XI. Capitalism and Freedom

In putting the case for Capitalism in the foregoing chapters, I have by no means meant to argue that it is the best possible economic system, only that it has worked wonders, and can work still better wonders in the future and that we cannot be sure that any other system that has yet been suggested will do as well. I have tried to show that under it the capitalist—the man who owns the plant and material and takes the risk of enterprise—does not rob the wage-earner of “surplus value” created by the latter, because the surplus value is due to the existence of the plant, and is shared by the wage-earner through the far better standard of life that the equipment of industry has enabled him to secure. Without the plant, the labourer could only supply himself with a bare subsistence, if that. It is true that most of the plant has been made or put where it is wanted by the manual effort of wage-earners, but this was only possible because wage-earners were paid to do so, under direction supplied by capitalists, by capitalists who thereby, instead of spending their incomes on immediate enjoyment, invested part of it, always with more or less risk, in furnishing industry with equipment for an ever-expanding output, so creating surplus value not only for themselves, but for the whole nation, and for the whole economically civilized world.

By making this investment and taking this risk, and applying labour under expert direction to the task of providing industry with plant in the widest sense of the word, Capitalism has made an enormous increase in population possible, and has put control over the forces of Nature into the hands of active enterprising venturers who certainly might have made better use of it, but have this excuse, that they were bound, in their search for profit, to work to meet the demand of the average consumer, whose quaint foibles in the matter of demand have resulted in the production of a great deal of ugliness and rubbish. But in spite of all that the fastidious may urge, on artistic, moral and common-sense grounds, against the use that has been made under Capitalism of the new powers which the Industrial Revolution has given to man, there is plenty to be said on the other side of the account. We have done things worth doing under Capitalism. Sir Leo Chiozza Money in an article in the Observer of November 23, 1919, told us that: “With coal we create an export surplus of manufactures; with that export surplus we purchase food and materials to feed our population and our factories, and thus obtain the means to create a further export surplus to import more food and materials. This process, continued during a period of five generations, changed the poor and backward agricultural Britain of 1750 into the comparatively wealthy State which found, at the opening of the nineteenth century, the means to fight Napoleon, and, a century later, the means to destroy German militarism.”

It is only fair to Sir Leo to observe that he, being a convinced and earnest Socialist, doubtless believes that economic progress would have been much greater and better under some form of Collectivist management than it has been under Capitalism. And he may be right. But, as Aristotle says, “the fact is the starting line,” and the fact is that these things were done under Capitalism, and that under it, as shown on a previous page,[1] many millions of people were born and lived a life that had a good deal of comfort and jollity, and a certain amount of real nobility mixed up in its queer salad-bowl, who never would have seen the light without the industrial development that was in fact worked out under Capitalism.

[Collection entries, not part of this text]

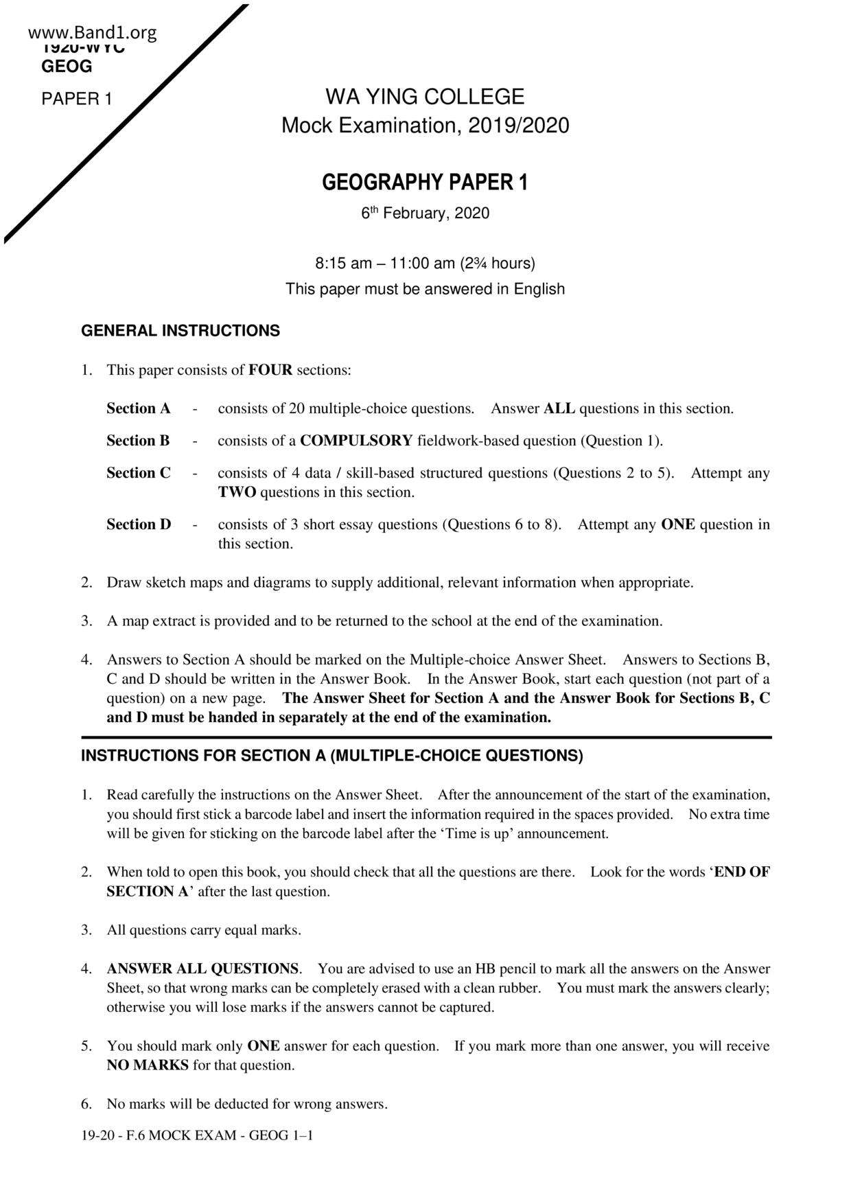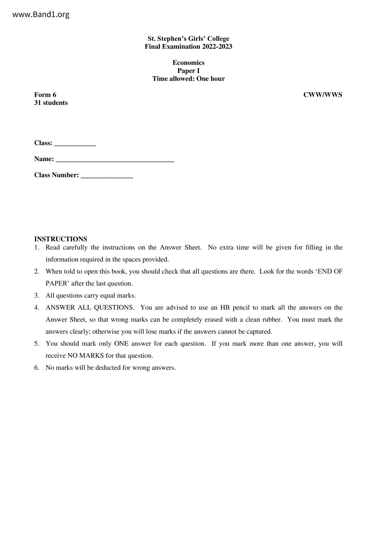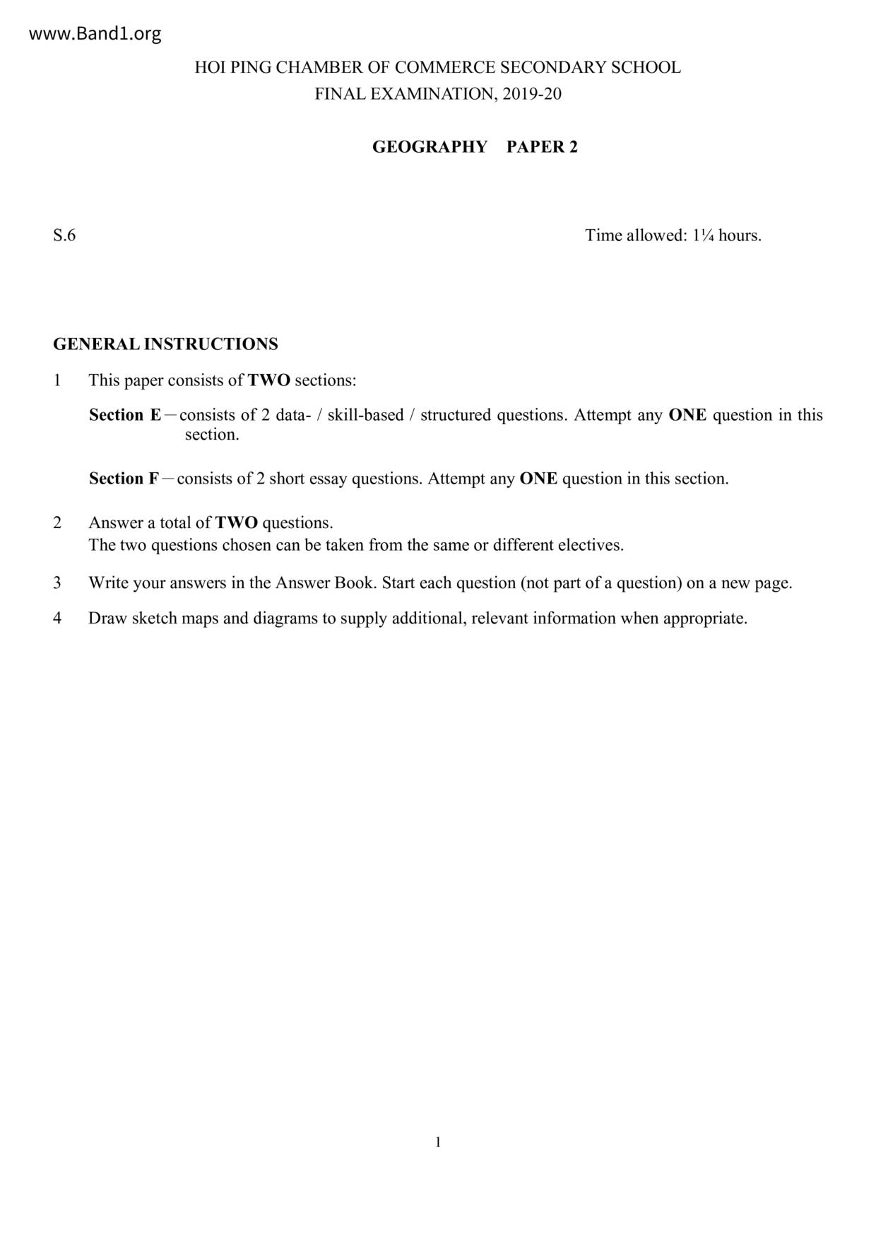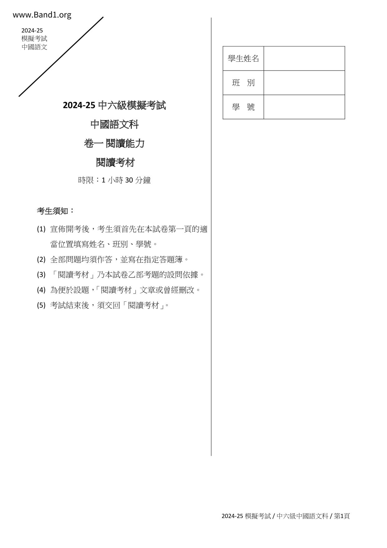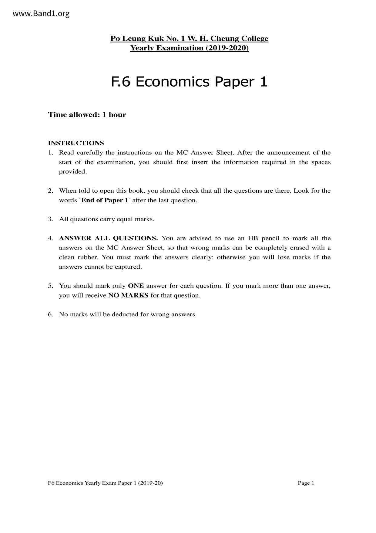 香港 中六 各科 (HK F6) 試卷 pdf
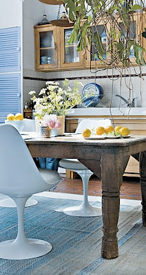 Creada por el diseñador Eero Saarine en 1.955 para la empresa Knoll, es uno de los diseños más reconocidos del S. XX y después de 57 años sigue expresando Modernidad. La silla Tulip alcanzó unos de sus principales objetivos : despejar el interior liberándose de las patas, y justo por esto me parece muy idónea en la Cocina, por eliminar toda clase de obstáculos y por dar a la Cocina ese aire tan clásico de modernidad.
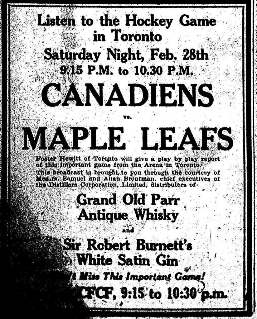 Foster Hewitt’s play by play was to be broadcast through the CFCF channel, courtesy of the Bronfman brothers. The Bronfmans and Distillers Corporation had actually arranged for a full series of broadcasts on CFCF from Toronto which included the Maroons’ games on December 18, January 8, and March 5, as well as the three Canadiens’ games on January 3, 17, and February 28: La presse, 17 decembre 1930, p.23, c.7 – 8.
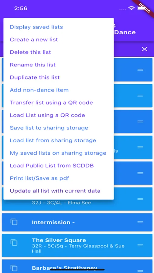 Build a list of dances by entering letters (within the title/deviser name / /dance/publication) in the search area. Tap on that title in the dropdown list and it will be added to your list of dances. The more characters entered in the search, the more refined the search will be. The dropdown list of titles can be scrolled through.
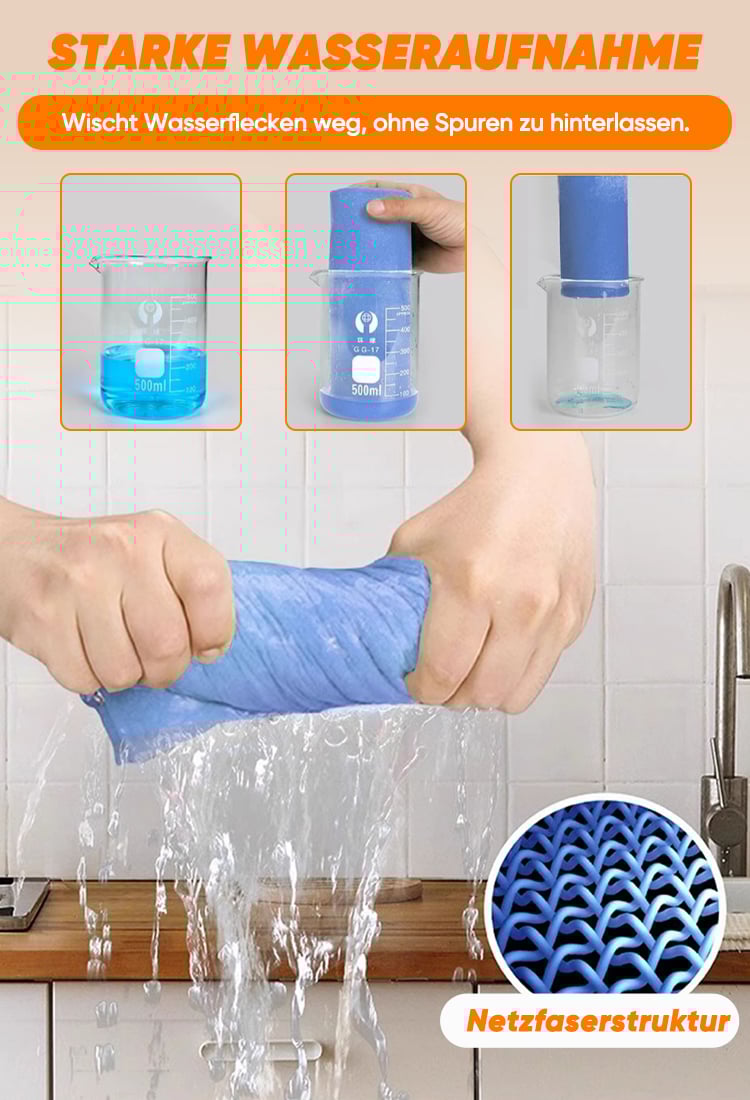Ob Tischwischen oder Geschirrspülen, dieses Tuch bewältigt alles mühelos. Super starke Wasseraufnahme!
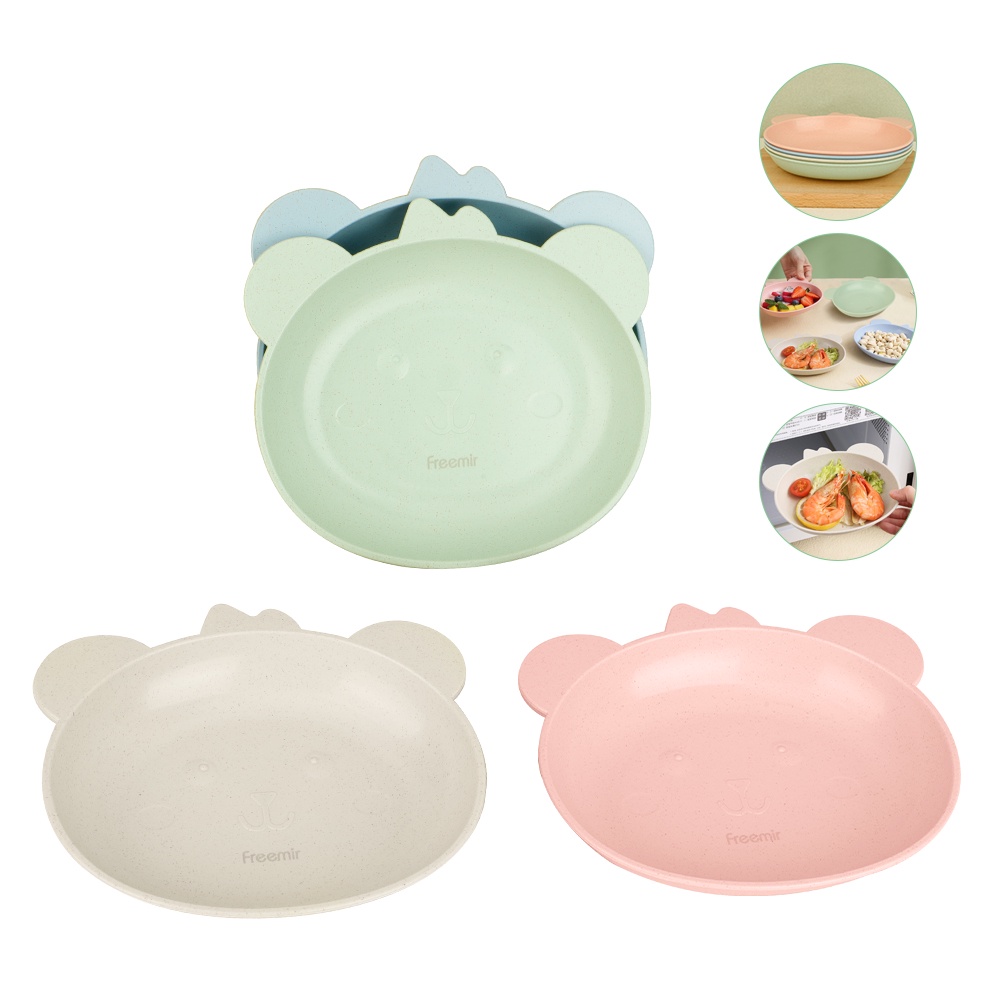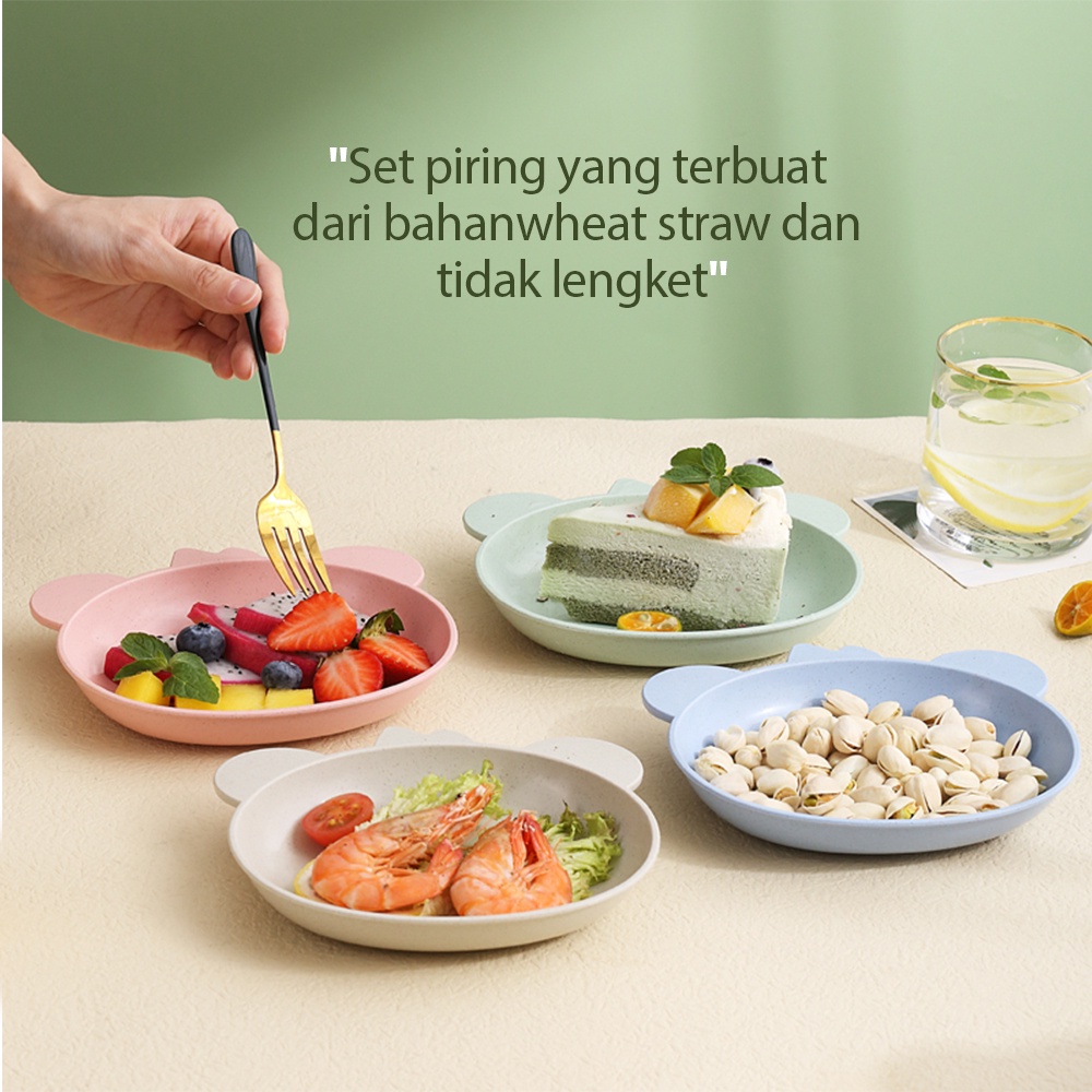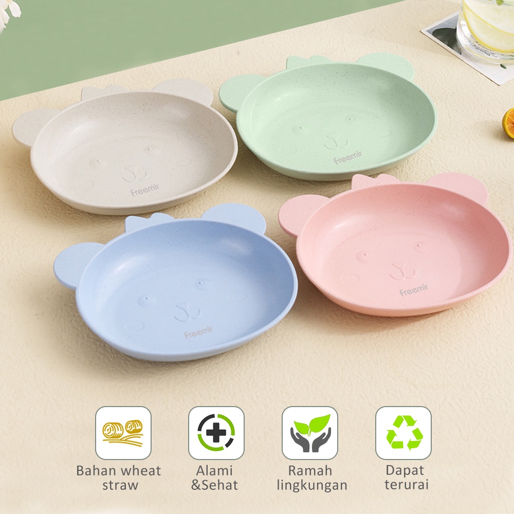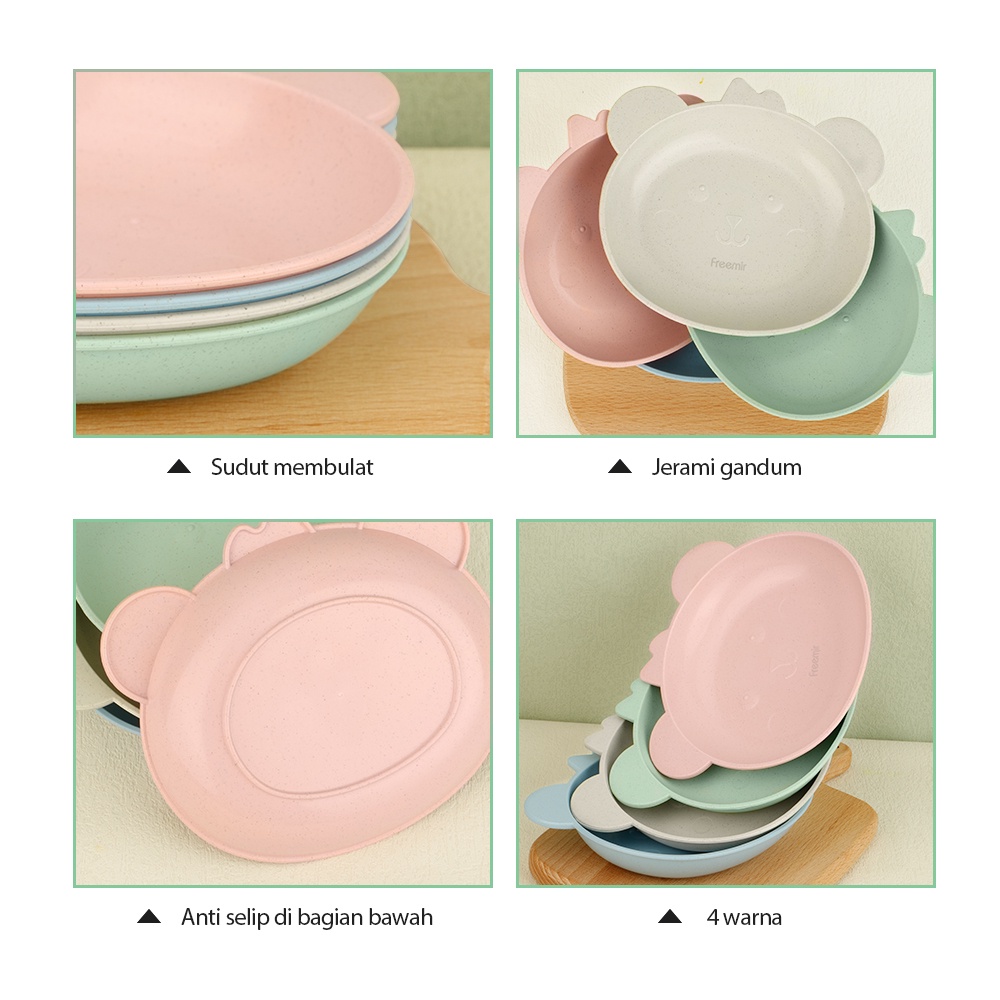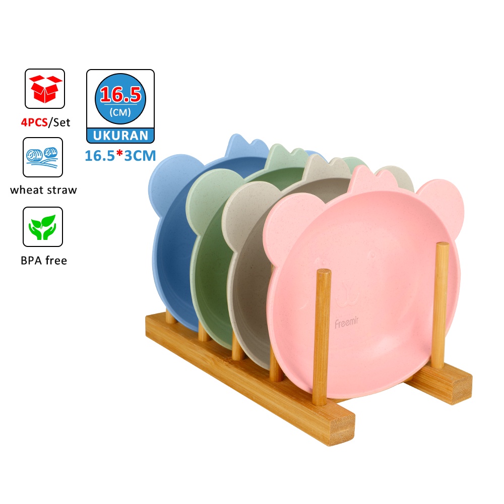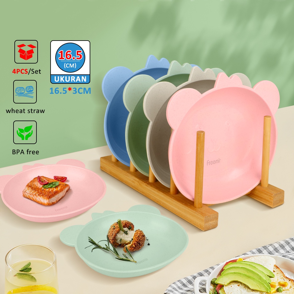 Freemir Buy 1 Get 1 Free Plate Set 4 Pcs Wheat Straw Warna-Warni Pastel Lucu Murah Piring Makan Piring Anak Piring Bayi

Far from robbing anybody of surplus value, Capitalism is like a benevolent ancestor who, instead of consuming all the port that he could get—as some ancestors did—laid down an enormous cellar of it for the use of future generations. And every one who is now alive in this country, and millions abroad likewise, are now able to help themselves to bottles of the grand old vintage then laid down and now ready for us, crusted, fruity, full of ripe flavour and rich bouquet. For none of us could have been so well off, and many of us could not have been born at all, if Capitalism had not done this deed, and done it judiciously and well. We all thus drink of the bottles laid down by those who went before us, those of us who work, because our work could not have been so well rewarded if we had not been members of a productively efficient community, those who cannot, will not, or do not work, because it would not have been possible for our needs to be provided as well as they are now. That some people have access to some of the bottles as a matter of legal right, is only because this privilege has been handed on to them by those who laid down the cellar. If we took their right away, there would be a few more bottles for the rest of us while the cellar lasted, but would the process of laying down for those who come after us be likely to continue on this voluntary basis? It would most probably have to be done by officials or Committees. Their efforts might appear at first sight to be cheaper than those of the private benefactor, who took a consideration for his forethought when he could earn it, but might cost the community dear in the long run if they laid down the wrong vintage or were too timid to try new brands.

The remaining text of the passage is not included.